■ BRIEF
Your output should be exactly the lines from the one containing "Toàn cảnh Đàn" through the final line of the records, both included, with every picture left out.

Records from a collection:

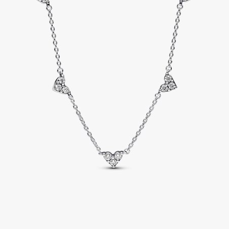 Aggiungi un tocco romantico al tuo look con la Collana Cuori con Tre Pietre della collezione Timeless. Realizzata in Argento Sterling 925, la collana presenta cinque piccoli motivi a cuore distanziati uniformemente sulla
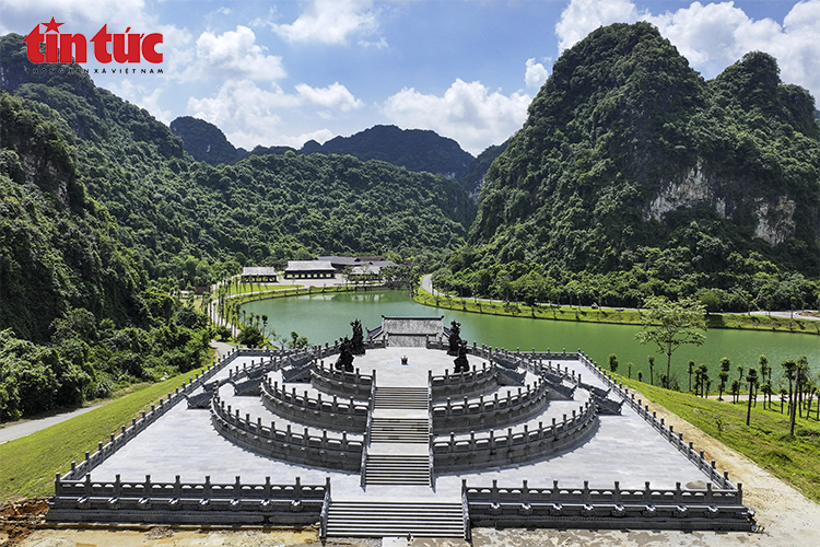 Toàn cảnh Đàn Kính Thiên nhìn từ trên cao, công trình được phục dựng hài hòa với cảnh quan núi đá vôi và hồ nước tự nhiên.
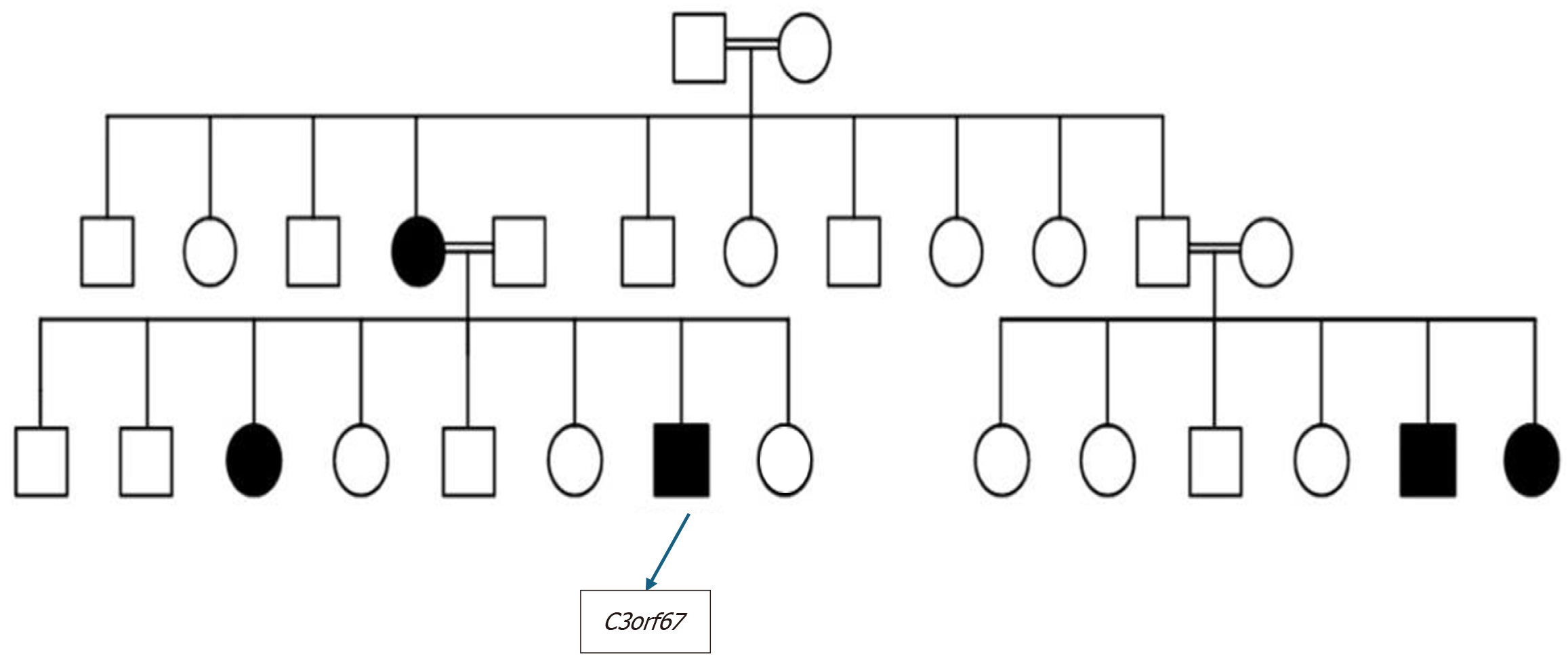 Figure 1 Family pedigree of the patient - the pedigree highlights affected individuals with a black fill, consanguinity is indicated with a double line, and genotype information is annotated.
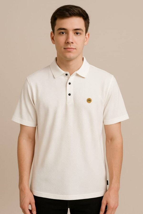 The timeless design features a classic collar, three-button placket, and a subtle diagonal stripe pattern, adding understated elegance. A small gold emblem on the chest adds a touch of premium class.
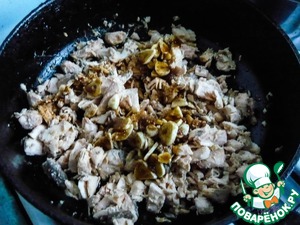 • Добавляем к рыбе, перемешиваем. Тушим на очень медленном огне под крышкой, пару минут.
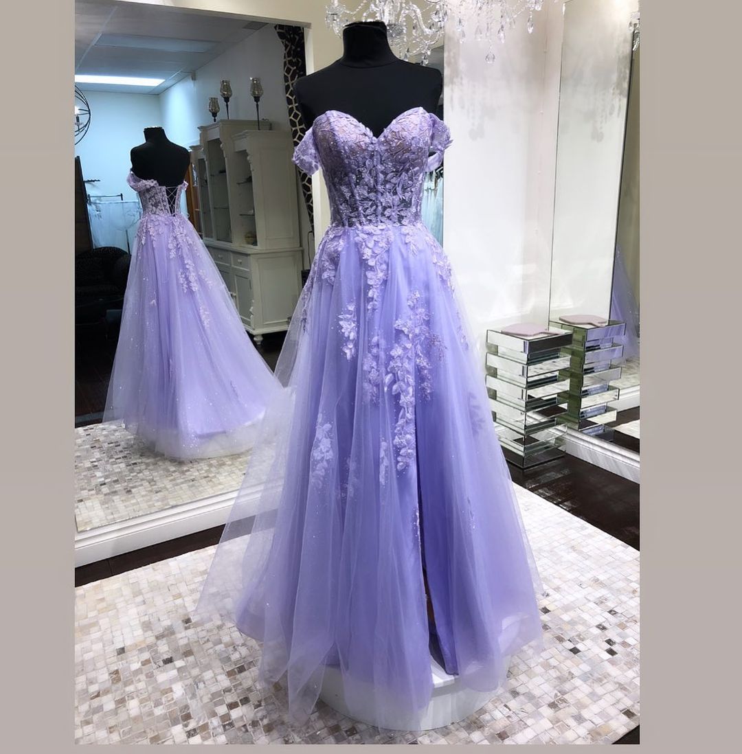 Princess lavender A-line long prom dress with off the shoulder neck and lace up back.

■ OUTPUT OF THE TASK
 Toàn cảnh Đàn Kính Thiên nhìn từ trên cao, công trình được phục dựng hài hòa với cảnh quan núi đá vôi và hồ nước tự nhiên.
 Figure 1 Family pedigree of the patient - the pedigree highlights affected individuals with a black fill, consanguinity is indicated with a double line, and genotype information is annotated.
 The timeless design features a classic collar, three-button placket, and a subtle diagonal stripe pattern, adding understated elegance. A small gold emblem on the chest adds a touch of premium class.
 • Добавляем к рыбе, перемешиваем. Тушим на очень медленном огне под крышкой, пару минут.
 Princess lavender A-line long prom dress with off the shoulder neck and lace up back.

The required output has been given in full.